* ASSIGNMENT *
Reproduce the entries that follow exactly, dropping each image.

-- -- --

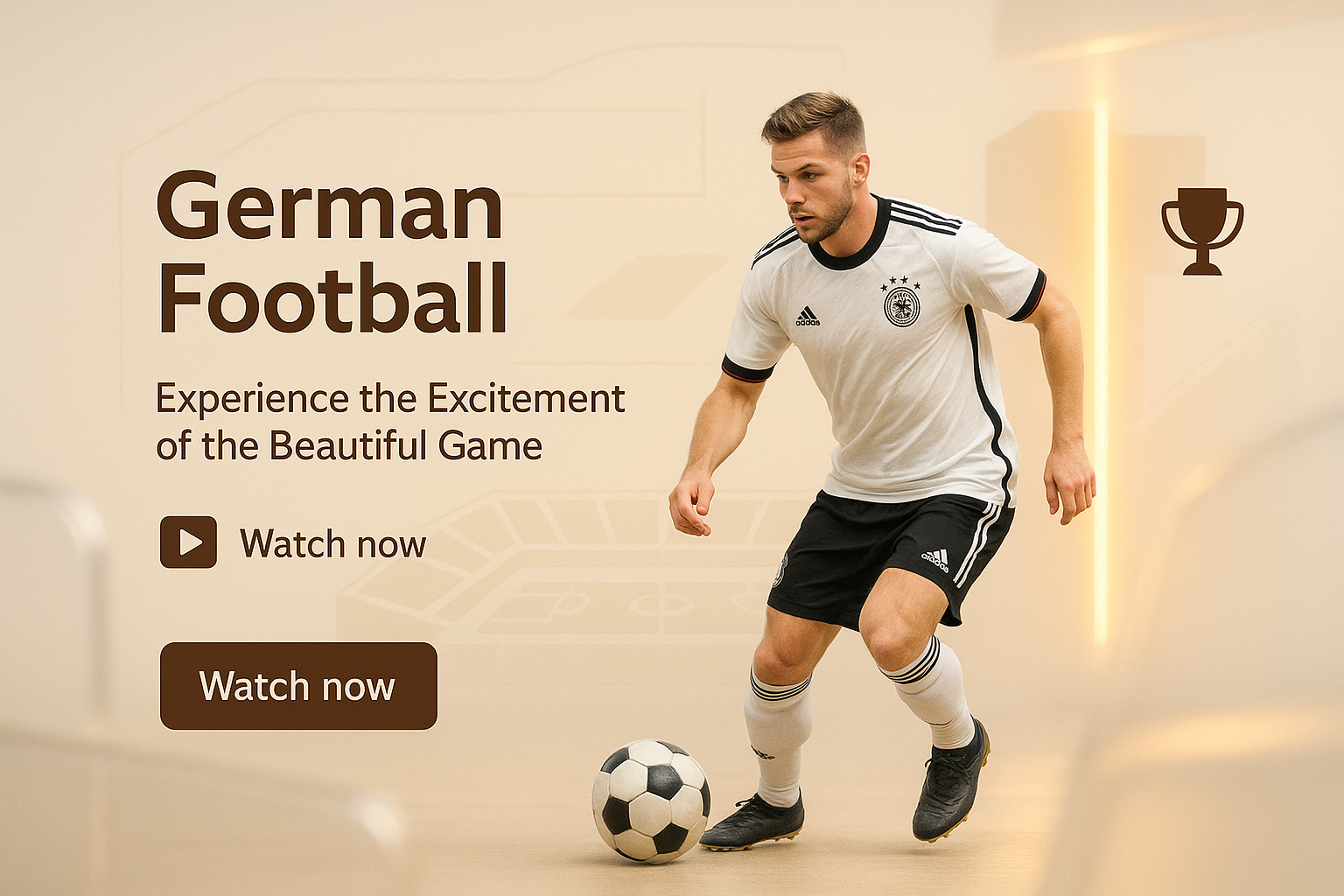 /Collection: /by davooda/Type: PNG/Engaging promotional graphic showcasing a player in action, designed to attract viewers to a German football experience, featuring modern elements and a warm color palette.
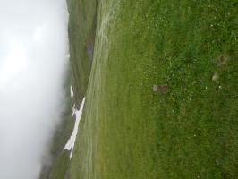 j'ai trouvé un bâtiment fermé un peu particulier à coté des deux maisons du hameau . Les deux ferrures à coté de la porte pouvaient, peut être, permettre la mise en place d’un jalon pour repérer l'entrée sous la neige
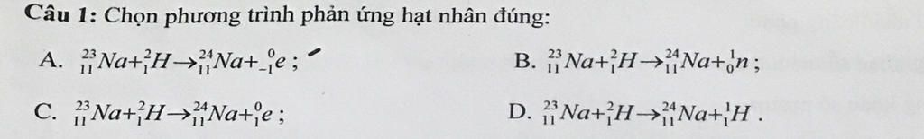 Phương trình \({}_{11}^{23}Na + {}_1^2H \to {}_{11}^{24}Na + {}_1^1H\) thỏa mãn cả 2 định luật bảo toàn số khối và điện tích.
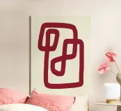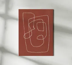 A simple, abstract design featuring interconnected red lines on a light background. The composition creates a sense of flow and movement.
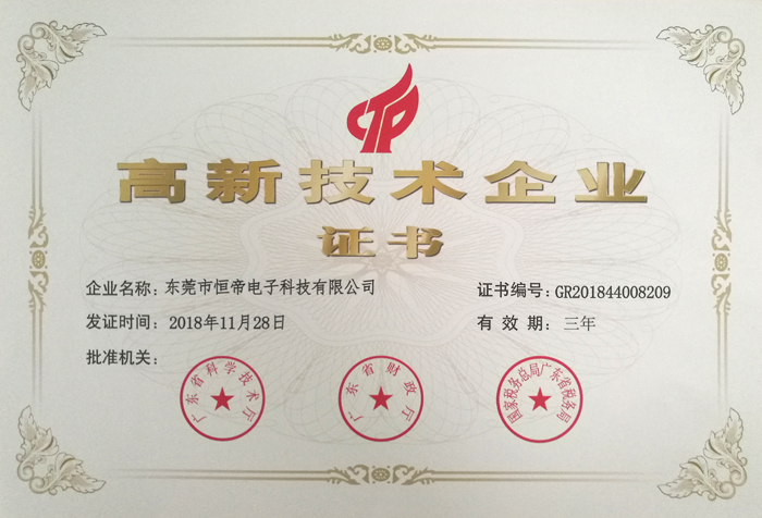 近日,經(jīng)國(guó)家科技部、財(cái)政部、國(guó)家稅務(wù)總局專家評(píng)審,東莞市恒帝電子科技有限公司獲得了由廣東省科技廳、財(cái)政廳、省國(guó)稅局、省地稅局聯(lián)合頒發(fā)的《高新技術(shù)企業(yè)》證書,這標(biāo)志著我司成為國(guó)家高新技術(shù)企業(yè)的一員。

-- -- --

* EXPECTED ANSWER *
 /Collection: /by davooda/Type: PNG/Engaging promotional graphic showcasing a player in action, designed to attract viewers to a German football experience, featuring modern elements and a warm color palette.
 j'ai trouvé un bâtiment fermé un peu particulier à coté des deux maisons du hameau . Les deux ferrures à coté de la porte pouvaient, peut être, permettre la mise en place d’un jalon pour repérer l'entrée sous la neige
 Phương trình \({}_{11}^{23}Na + {}_1^2H \to {}_{11}^{24}Na + {}_1^1H\) thỏa mãn cả 2 định luật bảo toàn số khối và điện tích.
 A simple, abstract design featuring interconnected red lines on a light background. The composition creates a sense of flow and movement.
 近日,經(jīng)國(guó)家科技部、財(cái)政部、國(guó)家稅務(wù)總局專家評(píng)審,東莞市恒帝電子科技有限公司獲得了由廣東省科技廳、財(cái)政廳、省國(guó)稅局、省地稅局聯(lián)合頒發(fā)的《高新技術(shù)企業(yè)》證書,這標(biāo)志著我司成為國(guó)家高新技術(shù)企業(yè)的一員。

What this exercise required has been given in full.